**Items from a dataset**

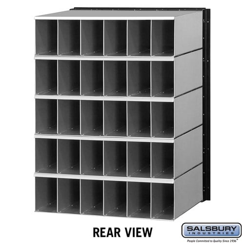 Durable Salsbury 2200 Series rear‑loading mailbox unit with 30 combination‑lock doors, ideal for private access mail distribution. Constructed with 20‑gauge steel compartments and 1/4" extruded aluminum doors in a powder‑coated finish, designed to stack and mount between studs for secure, space‑efficient installations.
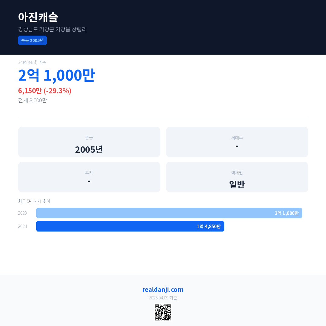 아진캐슬 국민평형 기준 2024년 평균 거래가는 1억 4,850만으로, 전년 대비 29.3% 하락 했습니다.
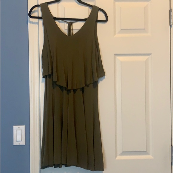 Dark green dress with tie in the bank.
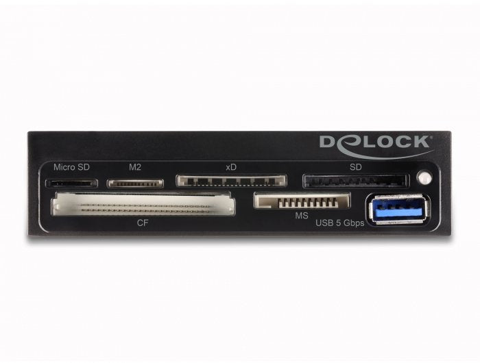 Este lector de tarjetas de Delock se puede instalar en una bahía libre de 3.5″ de un PC y se conectará a un puerto de cabecera de pines USB. Ofrece seis ranuras de lectura de tarjetas diferentes y permite la conexión de un dispositivo USB.
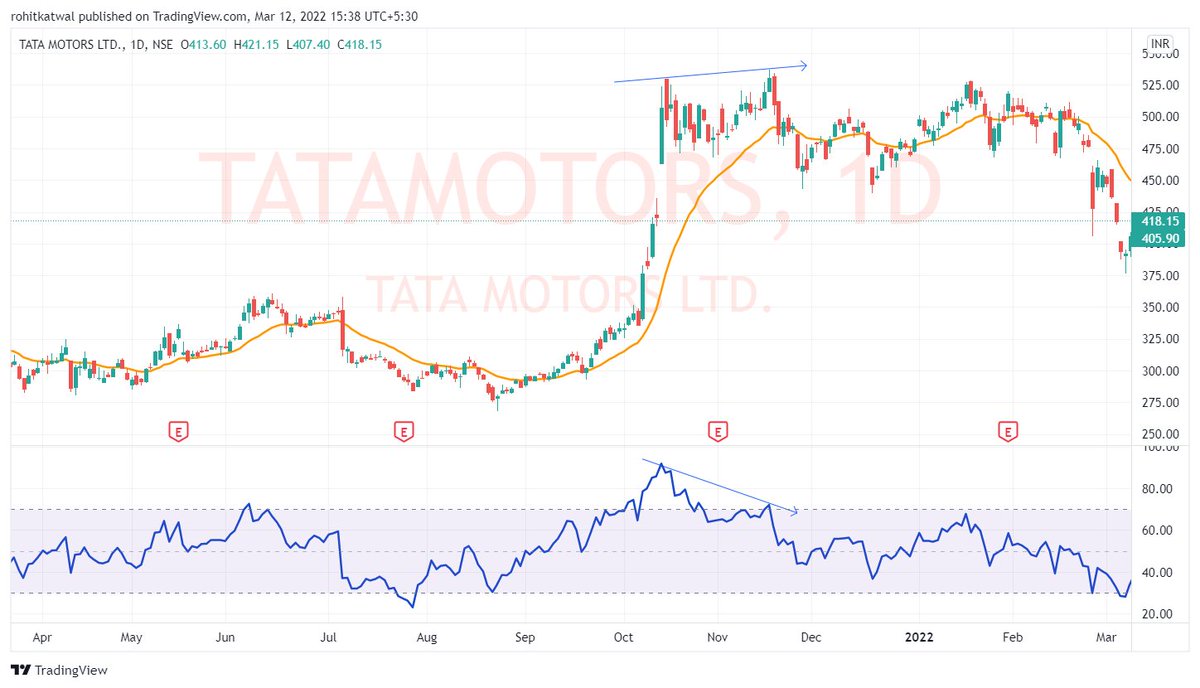 Consider #TATAMOTORS on daily charts. From 12 Oct to 18 Nov, price is making double top. There is a slight divergence on Daily Charts but no entry.
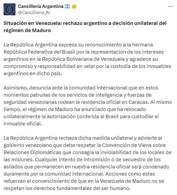 "La República Argentina rechaza dicha medida unilateral y advierte al gobierno venezolano que debe respetar la Convención de Viena sobre Relaciones Diplomáticas que consagra la inviolabilidad de los locales de las misiones", comienza el comunicado oficial.
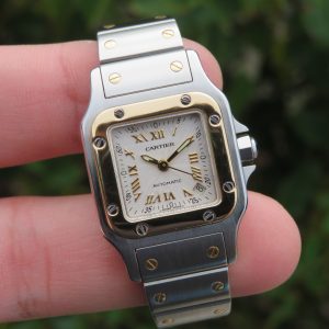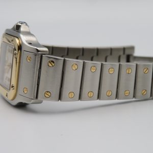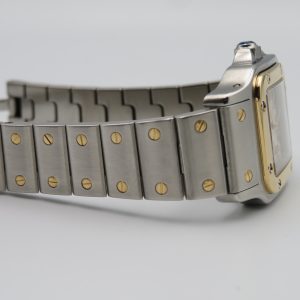For sale is a beautiful pre-owned ladies vintage Cartier Santos Galbee automatic with date, reference number 2423, with a factory guilloché dial from circa early 2000sThis watch does not include any original box or papers, so the exact year is unknown, and it is missing some links (we do not have any extras to add). To ensure this watch will fit comfortably, please read the entire item listing.
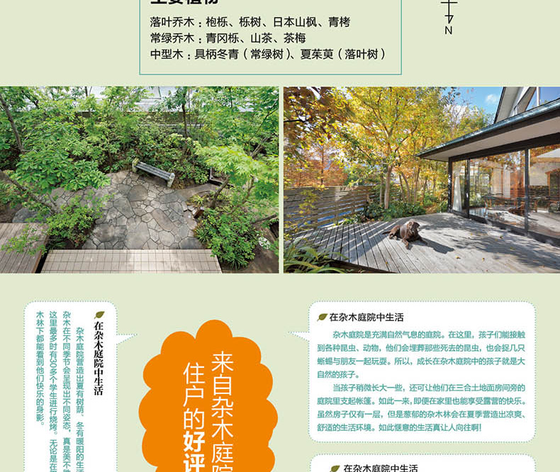 本書以十餘個家庭的雜木庭院為例,向讀者介紹了多種類型的家庭雜木庭院。同時對利用雜木打造舒適的現代生活環境的概念與方法進行了闡述,並對雜木庭院的維護與管理進行了講解。書後附植物圖鑑,向讀者展示了適於在雜木庭院中種植的常見樹木與雜草。
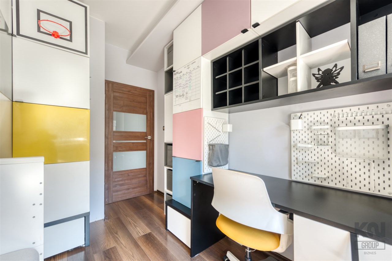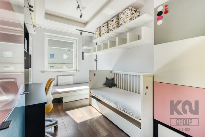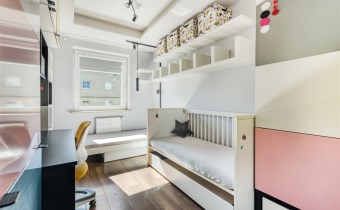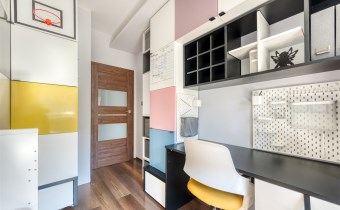 - Pokój – zaprojektowany jako funkcjonalna przestrzeń dla dziecka, z wyraźnym podziałem na strefę snu, nauki i przechowywania. Układ oraz zastosowana zabudowa umożliwiają łatwą zmianę funkcji pomieszczenia, np. na gabinet do pracy.
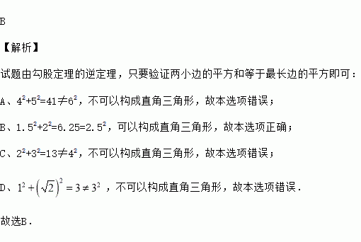下列四组线段中,可以构成直角三角形的是( )
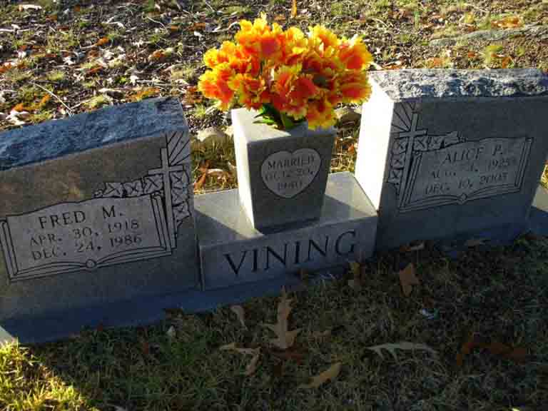 Headstone for Fred M. Vining and Alice (Powers) Vining, son and daughter-in-law of Fred M. Vining and Carrie C. (Bono) Vining, in Magnet Cove Cemetery, Magnet Cove, Hot Spring County, Arkansas (from Find A Grave):

**WORK ITEM**
Pictures must be left out. Repeat exactly the lines from the one containing "本書以十餘個家庭的雜木庭院為" through the final line of the data.

**ANSWER SECTION**
 本書以十餘個家庭的雜木庭院為例,向讀者介紹了多種類型的家庭雜木庭院。同時對利用雜木打造舒適的現代生活環境的概念與方法進行了闡述,並對雜木庭院的維護與管理進行了講解。書後附植物圖鑑,向讀者展示了適於在雜木庭院中種植的常見樹木與雜草。
 - Pokój – zaprojektowany jako funkcjonalna przestrzeń dla dziecka, z wyraźnym podziałem na strefę snu, nauki i przechowywania. Układ oraz zastosowana zabudowa umożliwiają łatwą zmianę funkcji pomieszczenia, np. na gabinet do pracy.
下列四组线段中,可以构成直角三角形的是( )
 Headstone for Fred M. Vining and Alice (Powers) Vining, son and daughter-in-law of Fred M. Vining and Carrie C. (Bono) Vining, in Magnet Cove Cemetery, Magnet Cove, Hot Spring County, Arkansas (from Find A Grave):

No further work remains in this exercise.